====== Provided material

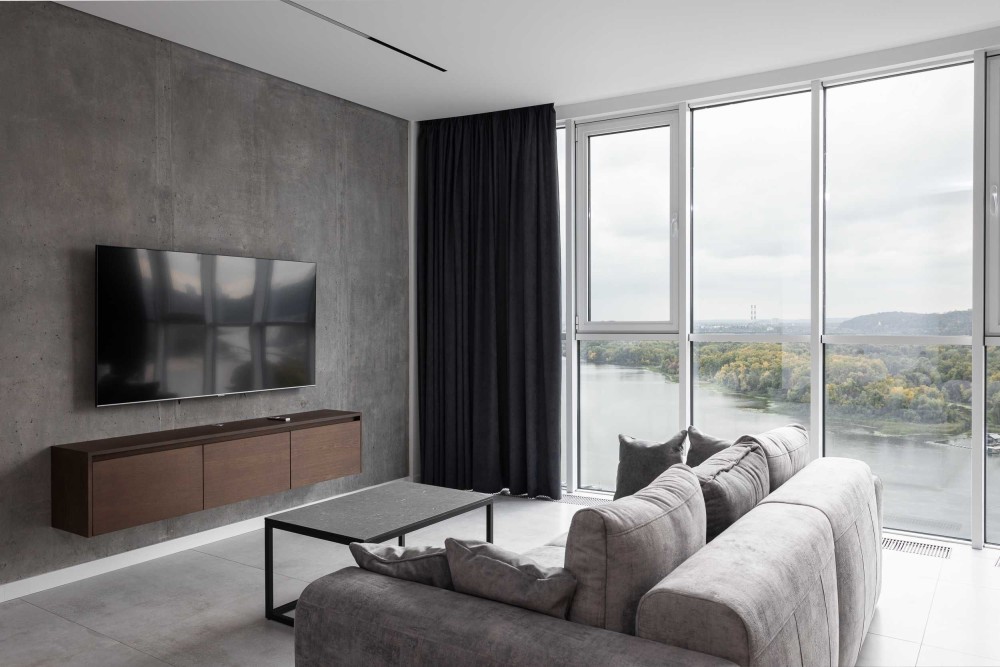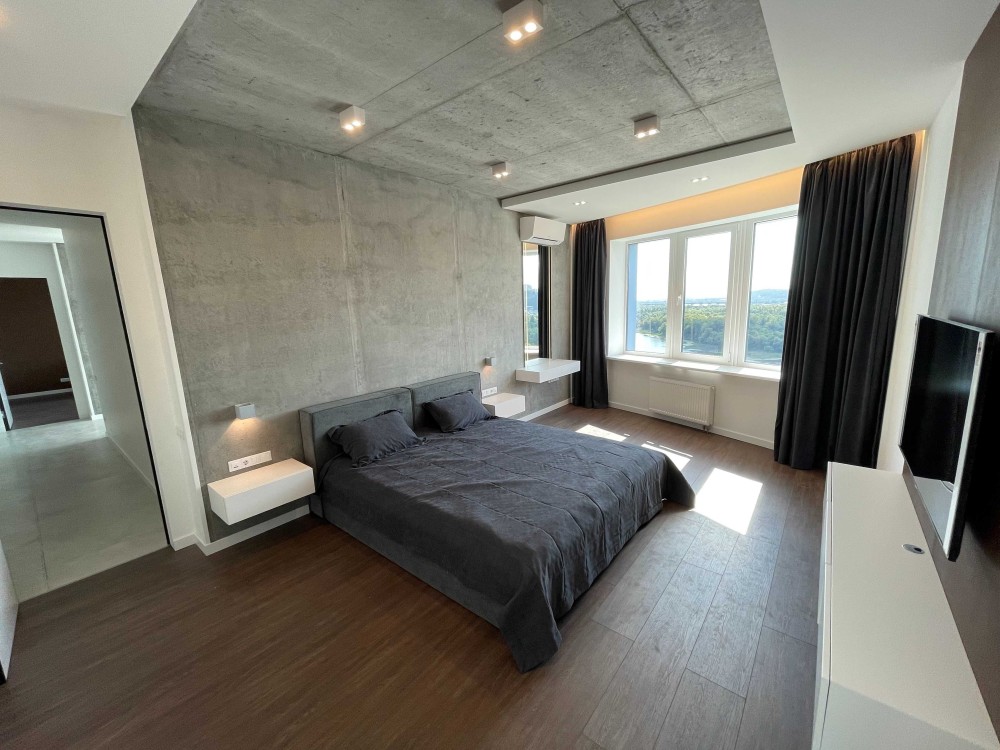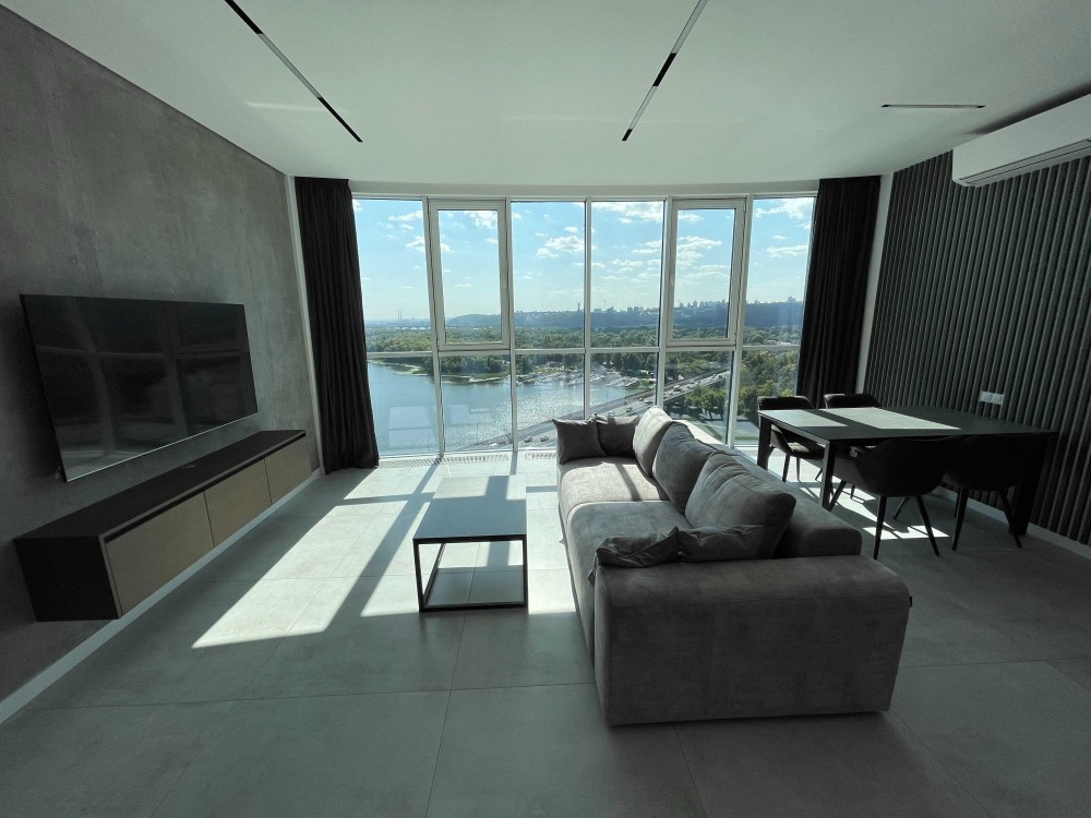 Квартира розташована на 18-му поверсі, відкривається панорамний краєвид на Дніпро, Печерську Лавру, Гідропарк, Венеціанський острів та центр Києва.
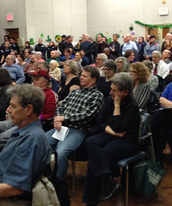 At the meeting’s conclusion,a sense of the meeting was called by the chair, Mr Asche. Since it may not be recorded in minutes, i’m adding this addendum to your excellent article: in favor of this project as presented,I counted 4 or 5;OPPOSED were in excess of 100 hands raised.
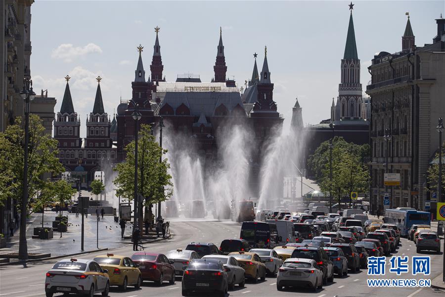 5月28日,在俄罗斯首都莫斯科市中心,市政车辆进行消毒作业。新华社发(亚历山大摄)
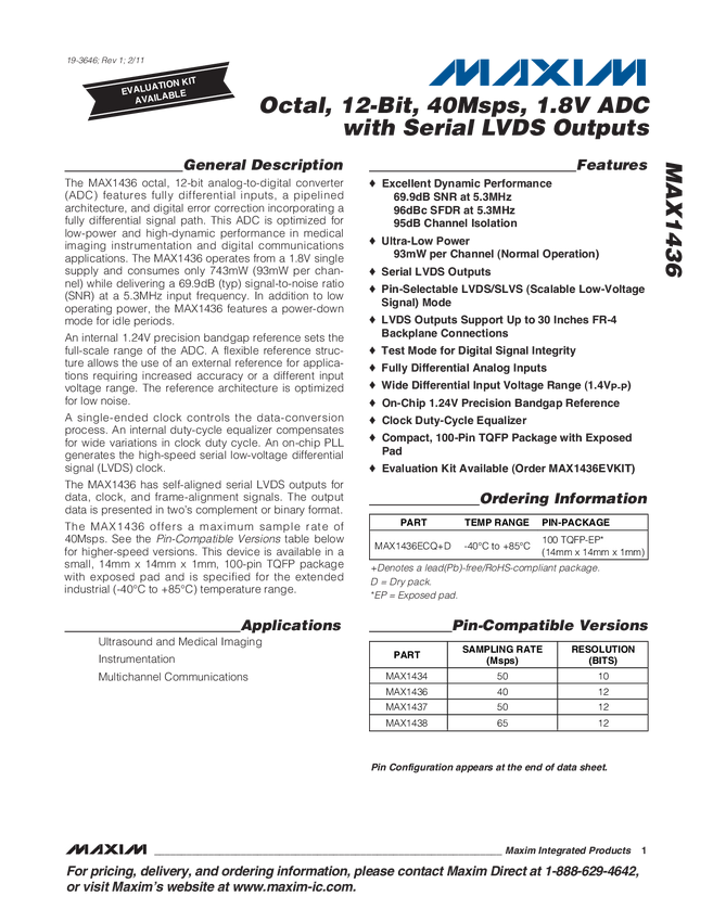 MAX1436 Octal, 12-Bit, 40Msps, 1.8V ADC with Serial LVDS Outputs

============

Output the complete listing exactly as it appears, except for the images.

Exercise output:
 Квартира розташована на 18-му поверсі, відкривається панорамний краєвид на Дніпро, Печерську Лавру, Гідропарк, Венеціанський острів та центр Києва.
 At the meeting’s conclusion,a sense of the meeting was called by the chair, Mr Asche. Since it may not be recorded in minutes, i’m adding this addendum to your excellent article: in favor of this project as presented,I counted 4 or 5;OPPOSED were in excess of 100 hands raised.
 5月28日,在俄罗斯首都莫斯科市中心,市政车辆进行消毒作业。新华社发(亚历山大摄)
 MAX1436 Octal, 12-Bit, 40Msps, 1.8V ADC with Serial LVDS Outputs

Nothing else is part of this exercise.